The 2025 budget must explore how to compensate young people for their profound act of intergenerational solidarity. We can begin by targeting some savings from fixing Old Age Security to reducing housing, child care, education and other costs.

 

4. Stand up for pollution pricing so we don’t leave big messes for our kids to clean up

If you make a mess, clean it up. That’s a family value we teach our kids, and we should live by the same wisdom when it comes to pollution. That’s why Budget 2025 budget must continue to stand up Canada’s pollution price.

Political leaders may try to convince us that paying for our pollution isn’t urgent; that we needn’t worry about the betrayal, abandonment and anxiety our kids report feeling thanks to the slow pace of our response to climate risks they will inherit. But the reality is that we don’t really have a choice between paying or not paying for our pollution – our only choice is between paying less now, or leaving younger and future generations to pay more later.

New polling confirms that most Canadians (73%) agree that politicians betray our kids when they expect them to pay dearly for the pollution they are unwilling to pay for today. Two-thirds agree that paying for our pollution matters, because there is no better planet to protect for our kids – but there are better ways to make life more affordable than ‘axing the tax’ on carbon pollution, like better investments in housing, child care, postsecondary and retirement.

 

5. Double down on $10-a-day child care to grow our economy and support families

In 2021, Canada embarked on the biggest social policy innovation in decades: a national $10-a-day child care system. Just a few years into the roll out, its positive impacts are clear. In addition to expanding access and reducing fees for many families, this program has created 50,000 new jobs and contributed $32-billion to Canada’s economy. We should all thank $10-a-day for keeping us out of a recession.

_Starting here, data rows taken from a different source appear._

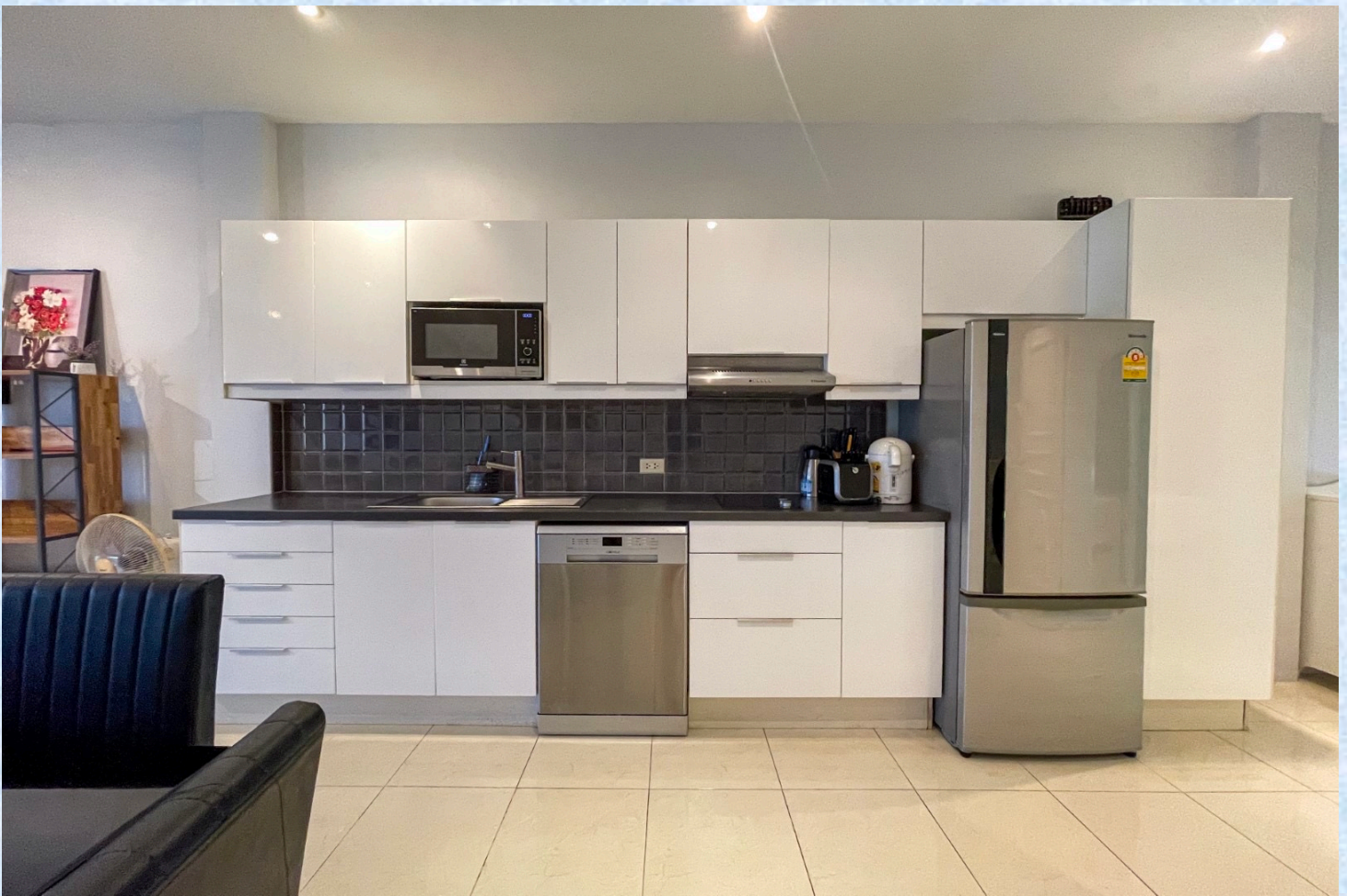
En fullt ut møblert og utrustet leilighet klar til innflytning.
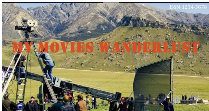
Figura 3 - Cabeçalho

A Revista possui um cabeçalho onde foi relatado o nome da revista e seu registro
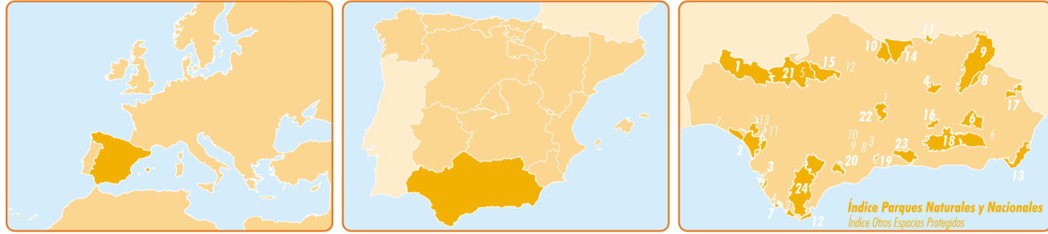
Índice Parques Naturales y Nacionales Índice Otros Espacios Protegidos
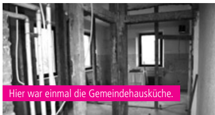
Hier war einmal die Gemeindehausküche.
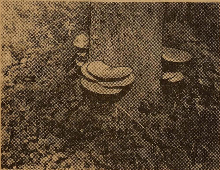
В кадрі куточок природи.

«За научные кадры», орган парткома, ректората, профкома и комитета комсомола Одесского государственного университета им. И. И. Мечникова. (На украинском языке).
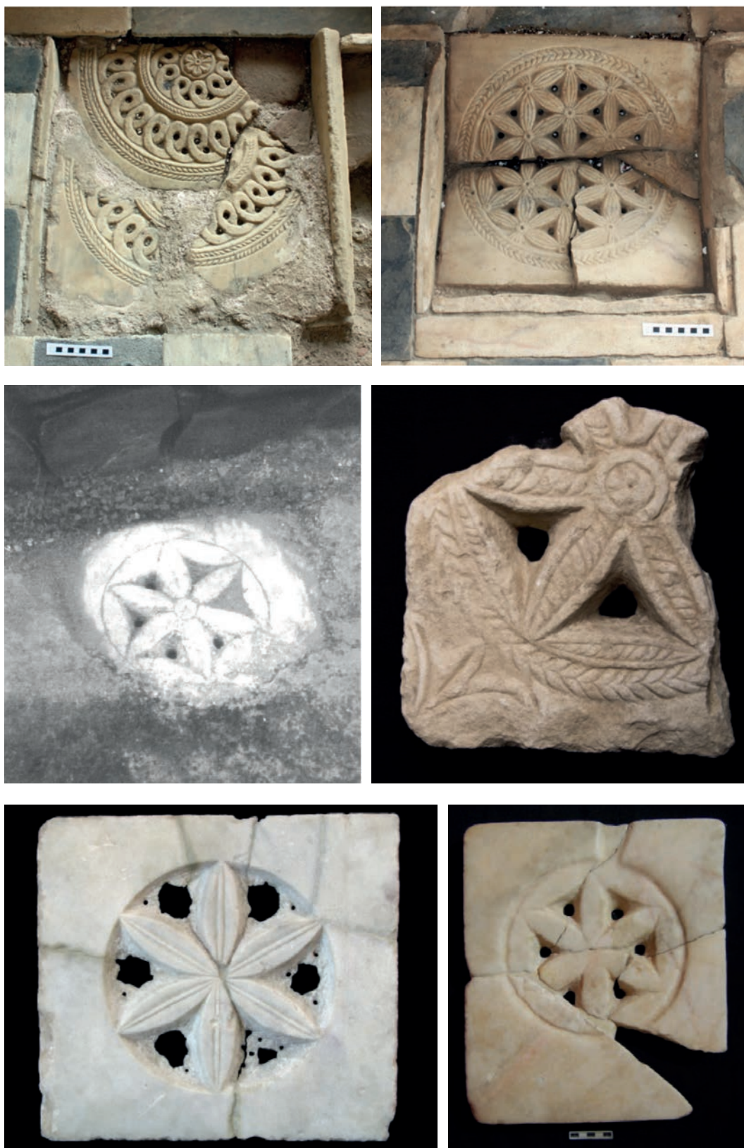
Fig. 4. De izquierda a derecha y de arriba abajo: Fig. 4a. y 4b. Sumidero norte y sur de la Casa de los Mármoles de Morerías. Fig. 4c. Sumidero de la casa nº 6 de Morerías. Fig. 4d. Placa nº inv. CE17363. Fig. 4e. Placa nº inv. CE02247. Fig. 4f. Placa nº inv. CE13896.
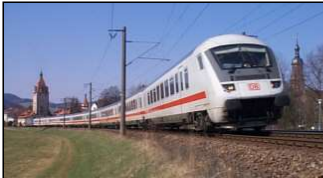
Klobige Maste aus Schleuderbeton an der Schwarzwaldbahn im unteren Kinzigtal, hier bei Gengenbach.

Die drei mit der Elektrifizierung des ersten Abschnitts beauftragten Unternehmen, Siemens (Offenburg - Hausach), BBC (Hausach - Sommerau) und AEG (Sommerau - Villingen), überspannten 205 km Gleis mit Fahrleitungen. In den Abschnitten von Offenburg bis Hornberg, sowie zwischen Sommerau und Villingen wurde die Bauart RE 160 (Regelfahrleitung für bis zu 160 km/h) eingesetzt. Auf der Rampenstrecke reichte die einfachere RE 100, deren "härtere" Stützpunkte bei den gefahrenen 70 km/h keine Nachteile bringen. Deutlich sichtbares Unterscheidungsmerkmal sind die Y-Beiseile an den Stützpunkten. Die Hänger, an denen der Fahrdraht aufgehängt wird, sind dabei nicht unmittelbar am Tragseil befestigt, sondern an besagtem Beiseil.

The 2025 budget should stand firmly behind this successful program, and invest what’s needed to make sure faster implementation is a top priority – especially in provinces that are dragging their feet, and slowing down families’ access to the affordable and high-quality care they need.

 

6. Make future budgets and governments more accountable by measuring what matters

We all have a stake in making sure that we get the best bang for our taxpayer bucks, but there are big gaps in measuring what matters for investing in wellbeing from the early years onwards. Filling them means adopting four new evidence-based metrics in Budget 2025:

7. Enshrine these policy commitments in legislation

Canada needs legislation to safeguard the wellbeing of younger and future generations. This legislation would shape national policies that protect a healthy childhood, home, planet by:

  • Ensuring governments consider the wellbeing of all generations in budget decisions (supported by the above metrics)
  • Establishing a minister, commissioner, and advisory body to work as tugboats that keep the freighter of government activity on track for generational fairness

Together, these recommendations will go a long way towards restoring responsible stewardship of our national finances.

Growing deficits have become a fixture of federal budgets, largely thanks to our failure to adequately prepare for population aging. Deficits leave a legacy of unpaid bills to younger and future generations of Canadians – and they compromise the solid economic foundation we need to be resilient in the face of global instability and emerging economic risks. Budget 2025 can grapple with the structural causes of current deficits in generationally fair ways by following our evidence-based policy prescriptions.